Мы оба старики и собираемся говорить о довольно важном предмете; а потому хочу я говорить с тобою, а ни с вами, то есть с твоею головою и сердцем, а не с вашим благородством и богатством. Мысли мои искренны, так, как бы пред судом божиим; смотри же, и ты подумай о них сообразно с достоинством лет твоих и саном отца. Письмо твое разделяется на две части. Ты хочешь выдать замуж дочерей своих. Похвальное намерение! Ты желаешь видеть Елизавету за господином Созонтовым? Ты прав. Она не хочет за него выходить, по крайней мере теперь? Она права! Ты желаешь дочери своей счастия, желаешь скорее возвратить ей потерянное спокойствие, восстановить мир и тишину в доме? Ты делаешь хорошо! Она спрашивает свое сердце, может ли оно любить, разумеется как должно, чтоб быть счастливою, предлагаемого тобою человека? получает в ответ: никогда!
от руки его. Она делает прекрасно! Так, друг мой, может быть это никогда превратится когда-нибудь в нескоро, но пока оно есть никогда, сердца нежного, кроткого и чувствительного принуждать не должно. Это будет то же, если бы убийца, пронзая грудь твою кинжалом, говорил: «Добрый человек! ступай на тот свет! там, говорят, гораздо лучше, чем на этом!»

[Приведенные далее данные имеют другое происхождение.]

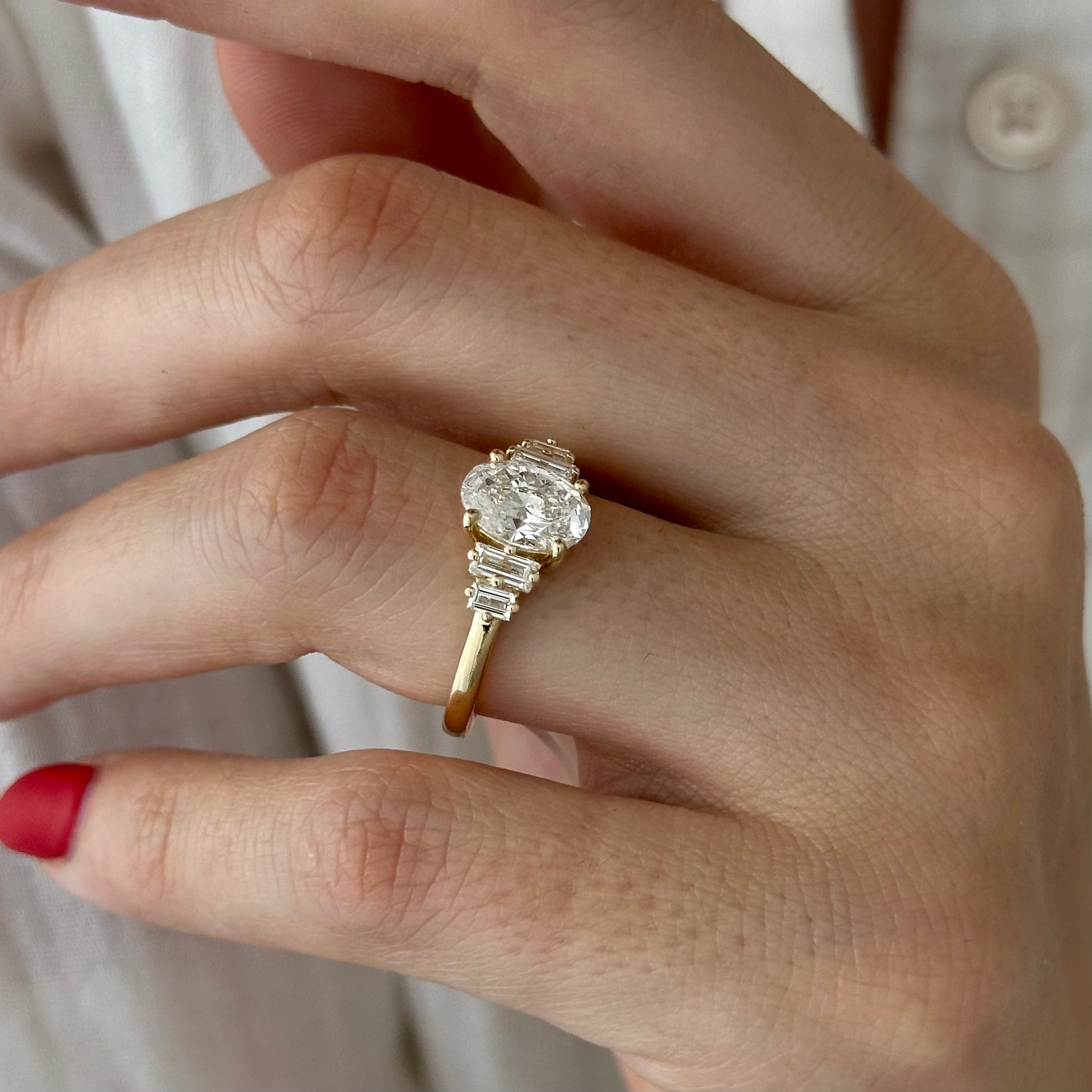 An exquisite engagement ring showcasing a captivating 2-carat oval lab-grown diamond, delicately set in four prongs. Complementing the ...

Если девица, стоя у олтаря священного, с бледным лицом, с мутными глазами, трепещущим голосом скажет: «Так! я буду любить своего мужа!» — неужели думаем, что от сих вынужденных слов, произнесенных хотя у святилища, существо ее переменится; что любовь к одному обратится в ненависть, а равнодушие к другому — в любовь? Нет! это было бы чудо. Девица, которой сердце никем еще не занято, может, и то иногда, и по нужде, выйти за человека, который для нее ни се ни то; так точно, как дерево может окаменеть, но камень одеревенеть никогда; и если она потому не хочет быть женою того, что любит другого, то всего лучше, всего благоразумнее все предоставить времени. Если б я был один из древних странствующих рыцарей, то на щите своем поставил бы девизом: «Все горести лечит время».
Все мною написанное значит, что советую тебе оставить Елизавету на произвол самой судьбе. Никандр дал святую клятву не говорить об ней ни слова, а чтобы и не мыслить, на то он еще не решился. Но и сего довольно от такого пылкого молодого человека.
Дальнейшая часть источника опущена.